Once the cars dropped us off at the edge of the park, after a terribly bumpy ride, we hired six porters from the village for our heavy equipment (now that I also have a big telescopic lens for my camera, I also need someone to carry my stuff up. Honestly, every hundred grams less makes a difference when you hike like this). Of course these guys ran us up the mountain like crazy, so my idea of being fit took a hard blow, when I was left breathless (of course, I keep saying to myself that the horrible pneumonia I had last fall still has something to do with the fact that I get tired unusually fast, and I never seem to get enough air in my lungs).

After a couple of quick breaks, we entered the park and then this movie-set Hagenia forest. Simply breathtaking (on the positive note, this time). After about an hour, we reached the old camp site, which Dian Fossey set up and ran, and which was completely looted and then destroyed during the 90s. Luckily this is still the dry season, so the paths were decent, although the soil does get swampy here and there. I was sweating like crazy and freezing at the same time, so I didn’t quite know how to negotiate between my fleece, pullover and rain jacket, other than on-and-off several times.

A short walk later, and here we were at the gorilla graveyard. Dian started it when she buried Digit, her favorite silverback, killed by poachers in 1978. She was later buried here herself. Since then, the place has become a true pilgrimage site (an expensive one too, at about $75/person).

The American scientists were quick to set-up and explain to everyone that since the grave had been desecrated, this was going to be an unusually delicate operation. Basically, two women would scrape the entire surface just with trowels, while all the men would either sit around and watch, or sift the stuff dug up. Considering that this was a massive pit and the pace very slow, we were all bracing for a very long day (well, couple of days).

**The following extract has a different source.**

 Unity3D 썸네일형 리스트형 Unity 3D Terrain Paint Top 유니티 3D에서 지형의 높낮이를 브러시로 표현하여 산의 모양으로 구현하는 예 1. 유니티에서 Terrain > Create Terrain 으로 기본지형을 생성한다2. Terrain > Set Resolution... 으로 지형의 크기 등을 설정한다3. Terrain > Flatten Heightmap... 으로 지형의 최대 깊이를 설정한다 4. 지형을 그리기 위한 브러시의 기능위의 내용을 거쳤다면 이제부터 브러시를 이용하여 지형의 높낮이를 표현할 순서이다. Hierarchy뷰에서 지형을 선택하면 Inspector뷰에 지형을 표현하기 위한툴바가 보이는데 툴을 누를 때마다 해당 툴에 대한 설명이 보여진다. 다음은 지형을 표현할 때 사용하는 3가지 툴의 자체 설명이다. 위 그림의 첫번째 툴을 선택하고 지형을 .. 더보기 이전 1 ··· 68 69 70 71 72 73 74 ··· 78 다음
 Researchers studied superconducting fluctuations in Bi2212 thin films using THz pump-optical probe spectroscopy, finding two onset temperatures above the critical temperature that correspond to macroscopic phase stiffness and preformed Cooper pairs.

Trying to warm up in the freezing temperatures, everyone was guessing away the reasons for which the locals would have dug up the gorilla skeleton. Someone offered that it was surely to sell it to a collector, while someone else believed it was for a much more pragmatic reason: the villagers will have wanted the blanket in which the silverback had been carried, and which they assumed would have been buried in the pit as well.

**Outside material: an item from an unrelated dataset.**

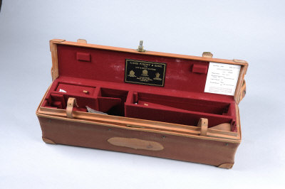 J. PURDEY & SONS A LIGHTWEIGHT LEATHER MOTOR CASE suitable for a .300 double barrel rifle, with compartment for 24-inch barrels, the charge card numbered to gun 29181, in its canvas outer cover |
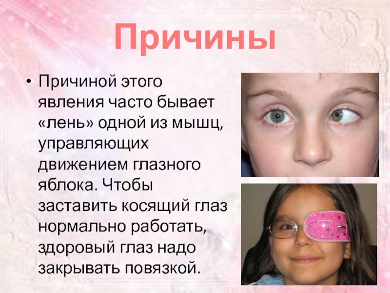 глазного яблока. Чтобы заставить косящий глаз нормально работать, здоровый глаз надо закрывать повязкой.

The operation did indeed, take a veeery long time. All the while I fussed around, took lovely pictures of everyone and everything, and at the same time cursed the fact that no one else around seemed able to take a decent picture of myself (for the millionth time, HOW HARD CAN IT BE TO POINT AND SHOOT, on a really fast, accurate camera?!?!?!) But leaving my photographic frustration and the freezing cold aside, I did enjoy the day to the most. It was then and there, in that magical forest, that I knew I had made the right decision for Africa. My life-long dream to be in such a fabulous place had indeed become TRUE.

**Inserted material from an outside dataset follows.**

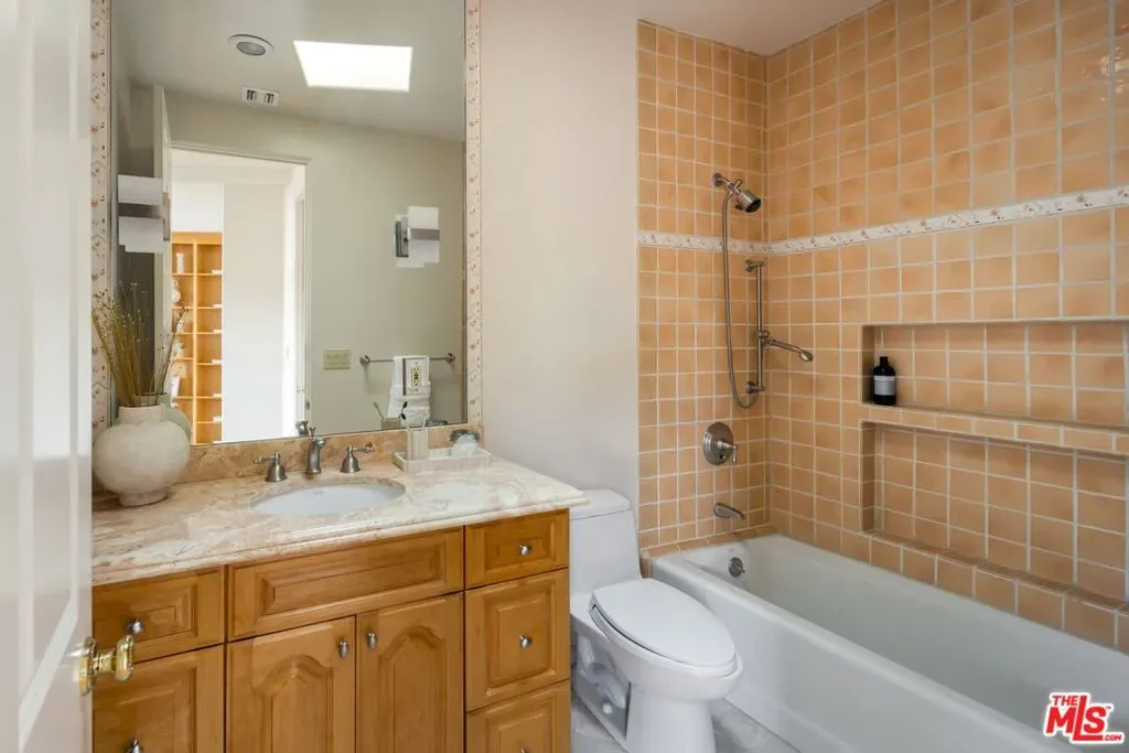 EXCEPTIONAL VALUE IN PRIME CHEVIOT HILLS. This spacious traditional home is filled with natural light and set on a large lot with mature landscaping, offering privacy, great scale, and flexible living spaces. The home features 7 bedrooms and 7 bathrooms with an excellent layout, including three bedrooms on the main level and four bedrooms upstairs. A welcoming entry showcases a beautiful custom mosaic detail in the flooring. The well-appointed kitchen includes granite countertops, double ovens, ample cabinetry, a large center island with seating, a breakfast nook, and a high ceiling with a skylight that fills the space with natural light. The living, family, and dining rooms all feature beamed ceilings, with a fireplace in the living room, creating warm and inviting spaces ideal for both everyday living and entertaining. Upstairs, the primary suite offers dual walk-in closets and a spa-like bathroom with double vanities, abundant natural light, a soaking tub, and a steam shower. Three additional ensuite bedrooms and a large bonus area complete the second level. The private backyard features a covered patio ideal for outdoor dining and entertaining, along with generous yard space. Additional highlights include a 2-car garage and abundant storage throughout. A well-scaled home with excellent natural light, privacy, and versatility, offering one of the best values in Cheviot Hills.

On a more mundane level, it is definitely noteworthy that my lunch consisted of a slice of by-then almost frozen pizza (this is certainly one of the most unusual places where anyone will have ever had pizza…) Although dehydrated, I almost didn’t have any water up there, since that bottle was colder than the vodka bottle I usually keep in the freezer.

Notwithstanding all this, the two American women were quite amazing, digging upside down for hours. First a tooth, then a pile of hair, and finally, on the second day, the real body started appearing. Turns out the looters had only snatched the head, so everything else was pretty much in order. We now have the skeleton remains in the garage, in my backyard, so the story certainly goes on, in quite an intimate way…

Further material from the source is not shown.